• **TASK OBJECTIVE**
Return every line of the records that includes the string "respecto".

(Beginning of RECORDS PROVIDED)

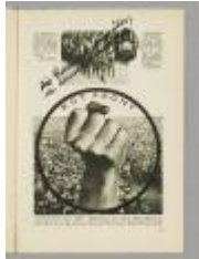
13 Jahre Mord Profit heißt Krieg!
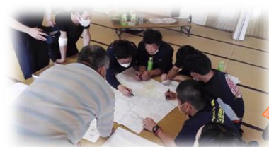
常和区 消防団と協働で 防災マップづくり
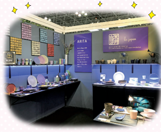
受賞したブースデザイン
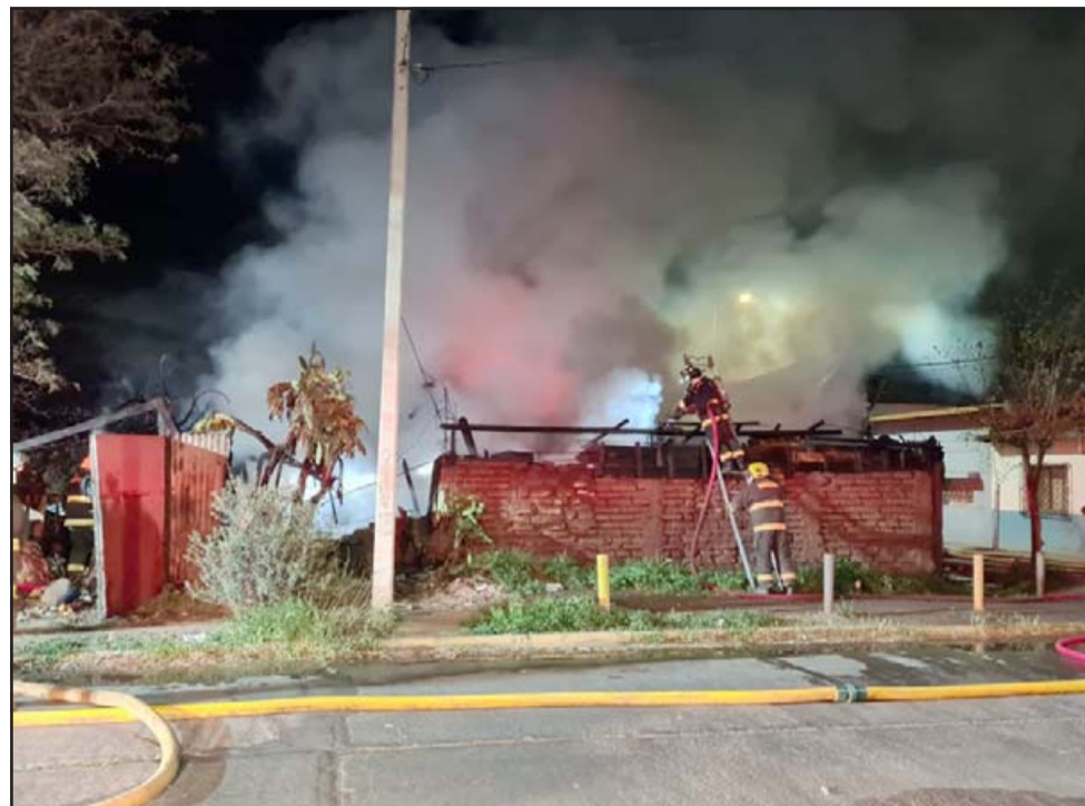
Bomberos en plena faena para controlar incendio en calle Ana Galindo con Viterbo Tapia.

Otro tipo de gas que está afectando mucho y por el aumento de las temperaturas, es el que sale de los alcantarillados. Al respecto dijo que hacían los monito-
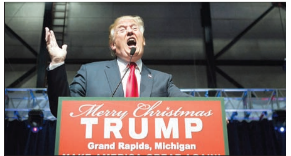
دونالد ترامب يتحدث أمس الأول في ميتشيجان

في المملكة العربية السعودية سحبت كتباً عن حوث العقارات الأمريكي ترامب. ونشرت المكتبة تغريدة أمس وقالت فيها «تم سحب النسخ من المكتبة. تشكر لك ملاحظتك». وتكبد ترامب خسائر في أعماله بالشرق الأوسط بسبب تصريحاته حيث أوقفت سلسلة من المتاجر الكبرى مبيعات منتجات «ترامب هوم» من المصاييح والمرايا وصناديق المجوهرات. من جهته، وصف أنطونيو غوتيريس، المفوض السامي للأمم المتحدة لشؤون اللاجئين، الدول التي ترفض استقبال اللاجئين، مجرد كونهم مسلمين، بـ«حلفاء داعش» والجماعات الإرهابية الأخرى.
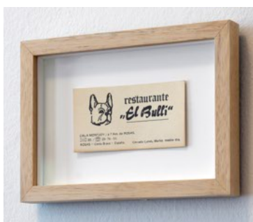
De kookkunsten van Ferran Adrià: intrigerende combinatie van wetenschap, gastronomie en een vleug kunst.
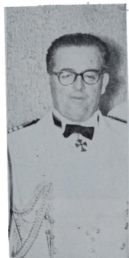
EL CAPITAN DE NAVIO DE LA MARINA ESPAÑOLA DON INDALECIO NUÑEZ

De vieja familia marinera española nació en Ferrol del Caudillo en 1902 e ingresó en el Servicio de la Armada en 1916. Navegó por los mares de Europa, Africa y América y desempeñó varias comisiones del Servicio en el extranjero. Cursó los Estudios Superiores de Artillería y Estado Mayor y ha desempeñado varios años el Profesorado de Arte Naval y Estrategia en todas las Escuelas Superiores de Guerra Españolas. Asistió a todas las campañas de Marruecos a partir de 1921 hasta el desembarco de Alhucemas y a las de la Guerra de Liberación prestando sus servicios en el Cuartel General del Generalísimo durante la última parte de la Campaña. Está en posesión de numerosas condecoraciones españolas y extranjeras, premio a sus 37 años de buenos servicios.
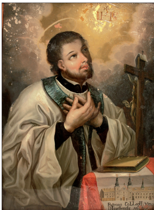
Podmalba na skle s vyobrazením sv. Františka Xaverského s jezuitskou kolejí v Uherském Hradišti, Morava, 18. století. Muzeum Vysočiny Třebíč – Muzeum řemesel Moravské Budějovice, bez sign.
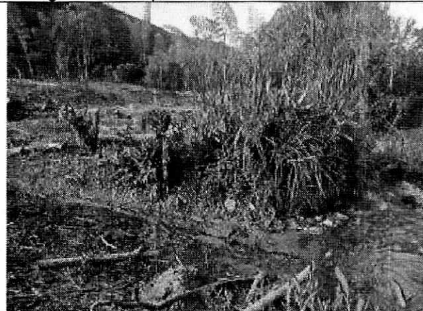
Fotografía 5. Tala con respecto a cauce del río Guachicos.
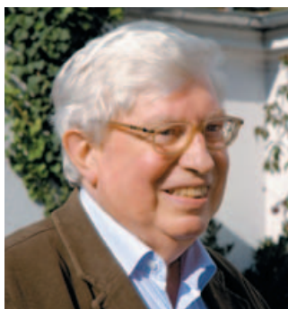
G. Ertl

(End of RECORDS PROVIDED)

• **OUTPUT OF THE EXERCISE**
Otro tipo de gas que está afectando mucho y por el aumento de las temperaturas, es el que sale de los alcantarillados. Al respecto dijo que hacían los monito-
Fotografía 5. Tala con respecto a cauce del río Guachicos.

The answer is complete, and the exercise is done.